The Department of Defense is reviewing its policy regarding sexual assault prevention and response in the military.
The Pentagon released a new report this week showing the number of sexual assaults in the military is up. The head of the Air Force's Sexual Assault Prevention and Response Program was arrested for sexual assault and battery this weekend.
And one of the tips in the prevention and response program is creating quite a stir.
In the brochure given to each member of the Air Force on sexual assault prevention and response, the tip that is causing a lot of controversy is number two.
It reads, "it may be advisable to submit [rather] than to resist. You have to make this decision based on circumstances. Be especially careful if the attacker has a weapon."
It's one of 36 different tips for avoiding an attack and in an interview with Air Force officials today, they say they are not suggesting someone simply give up, but rather judge the safest approach to a scenario.

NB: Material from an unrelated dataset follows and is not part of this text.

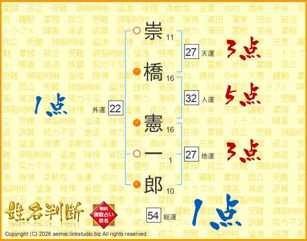 崇(11画)橋(16画) 憲(16画)一(1画)郎(10画)

"The pamphlet offers 36 different tips regarding ways to prevent an attack and protect yourself in various scenarios. One of the scenarios highlighted what to do if faced with a life-threatening situation. One accepted approach in a life or death situation would be to submit rather than resist. The intent of the brochure is to help people think through various scenarios in hopes of being better prepared should they ever encounter one," said USAF Capt. Candice Adams Ismirle.

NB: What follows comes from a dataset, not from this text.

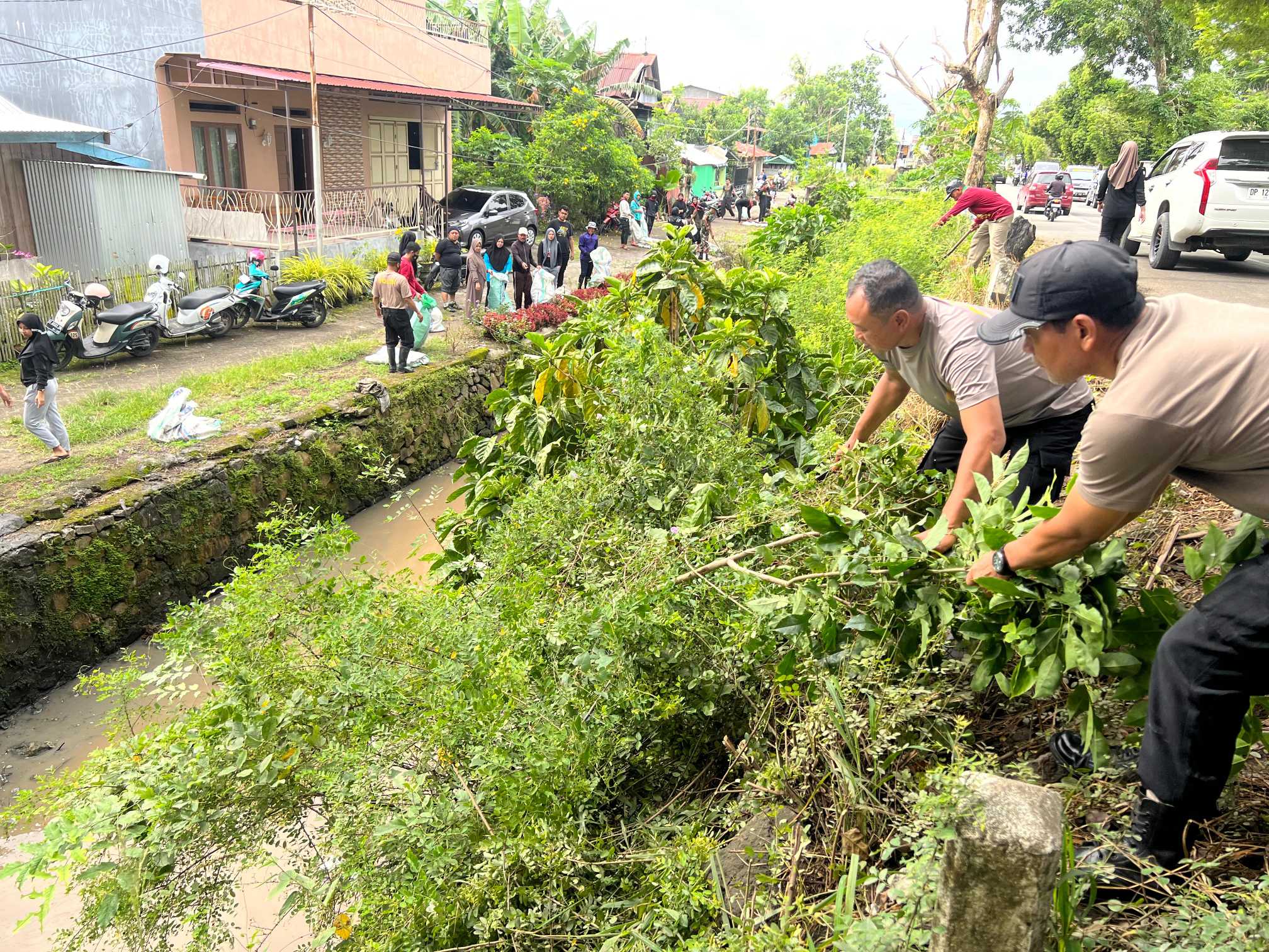Personel dari Polres Sidrap, Kodim, serta jajaran Pemerintah Daerah turun langsung ke lapangan bersama warga, bergotong royong membersihkan saluran air yang tersumbat oleh sampah dan rumput liar.

Bill Goecking with the Smith County Sheriff's Department has worked in law enforcement for more than 30 years and has seen many different scenarios play out in a sexual assault. He says, in the end, the victim simply must do what ever they can do to survive.
"It's one of those things that person who comes into your home or into a place where they can grab you, if it is a kidnapping type of situation or false imprisonment. If you have that type of situation, that is always a victimized situation. So whatever they have to do to survive, I say just do it. It's a common sense thing," Lt. Goecking said.
The Department of Defense says they hope a new plan and its implementation will reduce and ultimately eliminate sexual assault within the military.